Now, I would like to imagine had those standalones (or, at least the source stacks they have been derived from) been assembled by
A.I.; I imagine I would have had to do nearly as much work on those stacks as I did hand coding them to get them exactly the way I wanted them, sand off any 'splinters' and so on.
So, I would imagine that A.I. [err, Xavvi] might be a bit like Google Translate: it would do a general botch job . . .
1. That might be good enough for running up a prototype to show your boss / sponsor / thesis supervisor.
2. That would need quite a lot of tweaking and polishing to get it up the the standard one requires.
So: gazing into my, fairly murky, crystal ball, I can see:
a. A plethora of third-rate apps suddenly flooding the market.
b. Lots of people who are employed in doing 'donkey work' re programming suddenly finding themselves out of work.
c. A few people adapting to the new situation and positioning themselves to be 'polishers' and 'correctors', and
expecting to be paid a lot more than they are at the moment.
d.
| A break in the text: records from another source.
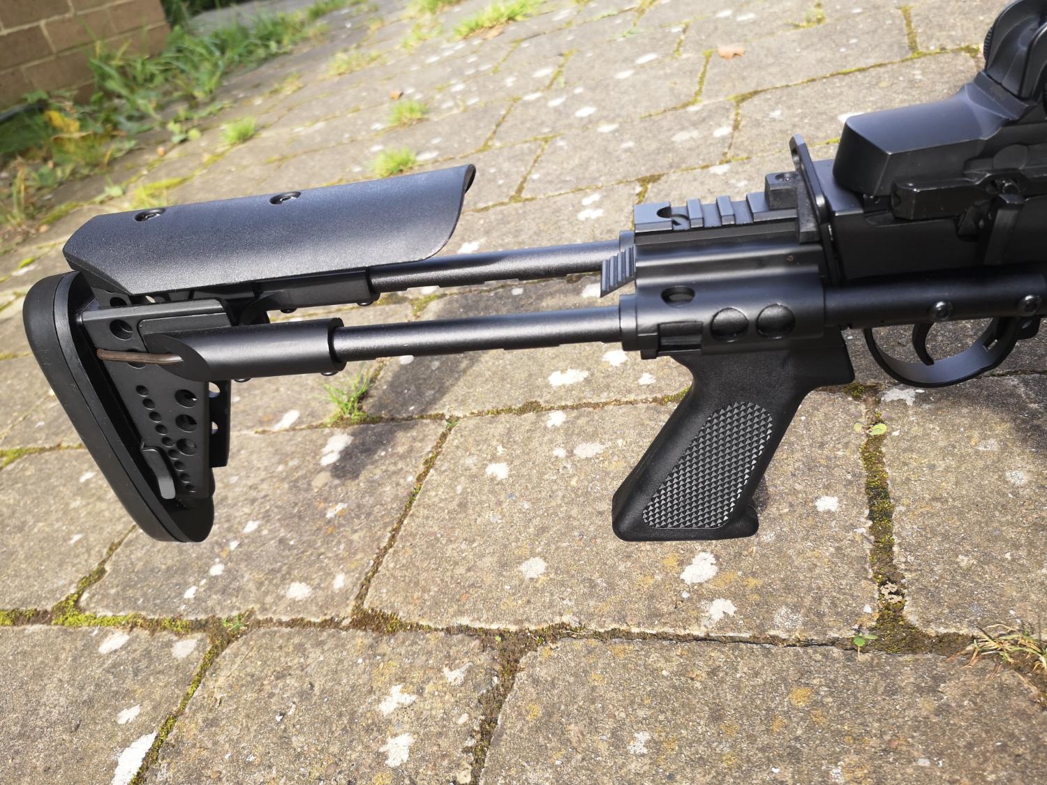 The gun shoots at 335fps with 0.2g bbs with the hop unit at its lowest setting. Everything on the gun works as expected (sliding stock, cheek rest, bolt lock, selector switch)
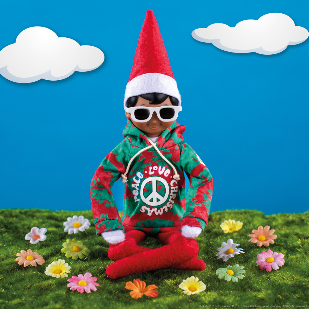 "Jetzt wird’s groovy! Mit dem The Elf on the Shelf® - Claus Couture® Love & Peace Set bringt dein Scout Elf eine coole und entspannte Atmosphäre in die Weihnachtszeit. Der stylische Tie-Dye Hoodie in fröhlichen Farben strahlt Liebe und Frieden aus, während die trendige Sonnenbrille dem Outfit das gewisse Etwas verleiht. Dein Scout Elf ist nicht nur bereit für die festlichen Abenteuer, sondern auch ein echter Hingucker in jeder Weihnachtsdekoration. Das Love & Peace Set ist ideal für Kinder ab 3 Jahren und verleiht der beliebten The Elf on the Shelf® Tradition eine besondere und coole Note. Dein Scout Elf wird die Herzen aller erobern, während er in seinem lässigen Hoodie die Weihnachtszeit genießt. Die weichen Materialien sorgen dafür, dass sich dein Elf rundum wohlfühlt, während er seinen Dienst für den Weihnachtsmann erfüllt. Dieses Set bringt nicht nur den Scout Elf zum Strahlen, sondern auch alle, die die Magie von Love & Peace in die Weihnachtszeit integrieren möchten. Perfekt für unvergessliche Momente und ein grooviges Weihnachtsgefühl – platziere das Outfit dort, wo dein Scout Elf es finden kann, und er wird wissen, was zu tun ist."
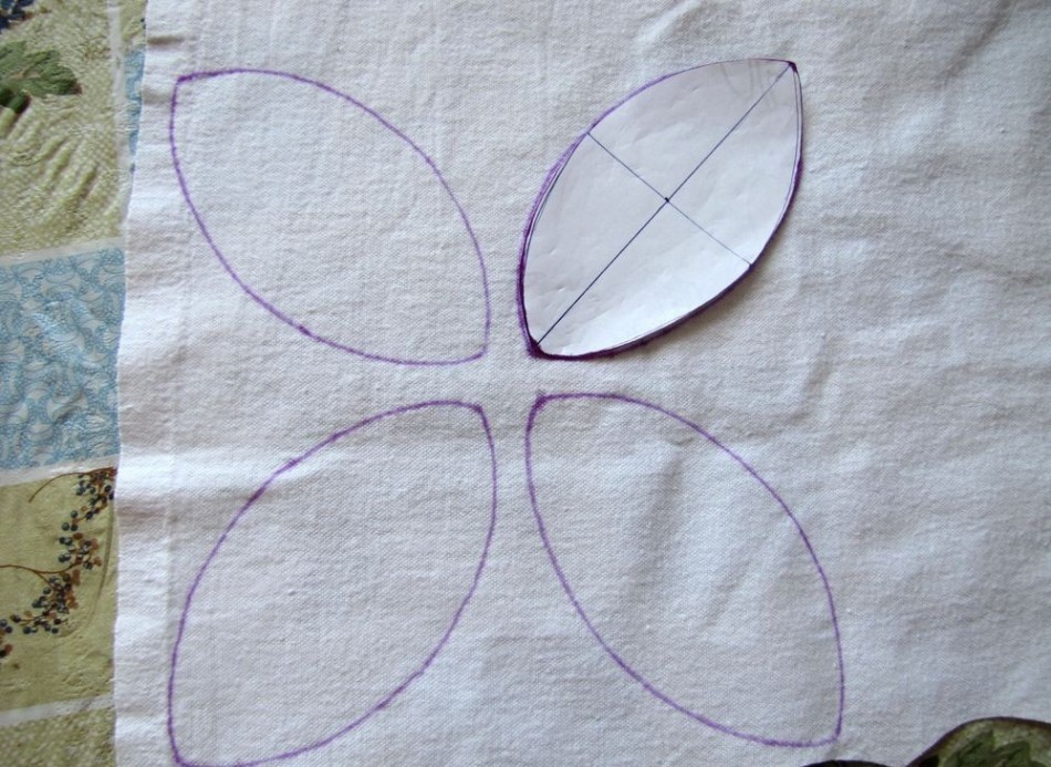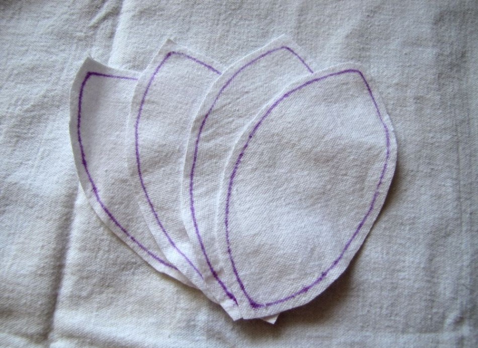 • Виріжте з білої тканини 4 пелюстки. Нижче представлені лекала
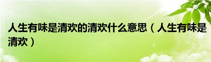 关于人生有味是清欢的清欢什么意思,人生有味是清欢这个很多人还不知道,今天菲菲来为大家解答以上的问题,现在让我们一起来看看吧!
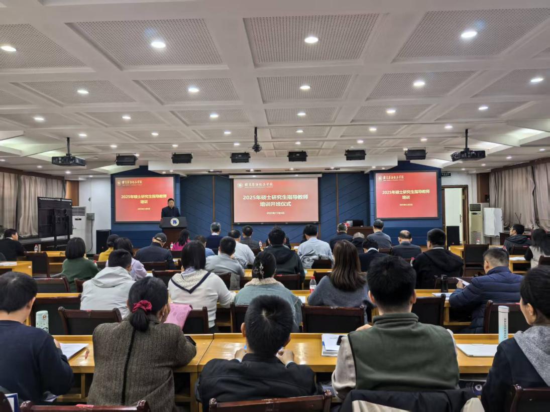 在全校上下深入學(xué)習(xí)二十屆四中全會精神、全面貫徹習(xí)近平總書記關(guān)于教育的重要論述和全國教育大會精神之際,學(xué)校于11月5日-6日舉辦2025年碩士研究生指導(dǎo)教師培訓(xùn),強化導(dǎo)師立德樹人根本任務(wù),提升研究生培養(yǎng)核心質(zhì)量。2025年新聘校內(nèi)碩士研究生指導(dǎo)教師以及各學(xué)院分管研究生副院長、學(xué)科帶頭人、學(xué)科方向帶頭人、研秘、學(xué)科秘書、研究生處全體教師參加了培訓(xùn)活動。本次培訓(xùn)采取專題報告、政策解讀以及線上培訓(xùn)相結(jié)合的方式進(jìn)行。培訓(xùn)會由研究生工作部(處)部(處)長、學(xué)科建設(shè)辦公室主任陳飛主持。

A few (a dwindling number?) of programmers offering to do 'the whole thing', just like a soutar down the road from here shut up shop when the trickle of people making their way to his doors for handmade, bespoke shoes dried up completely.
HOWEVER, like a Google Translate 'production', sometimes sorting out the 'trashlate' is even more difficult than going back to the Ur text and doing the translation from that yourself.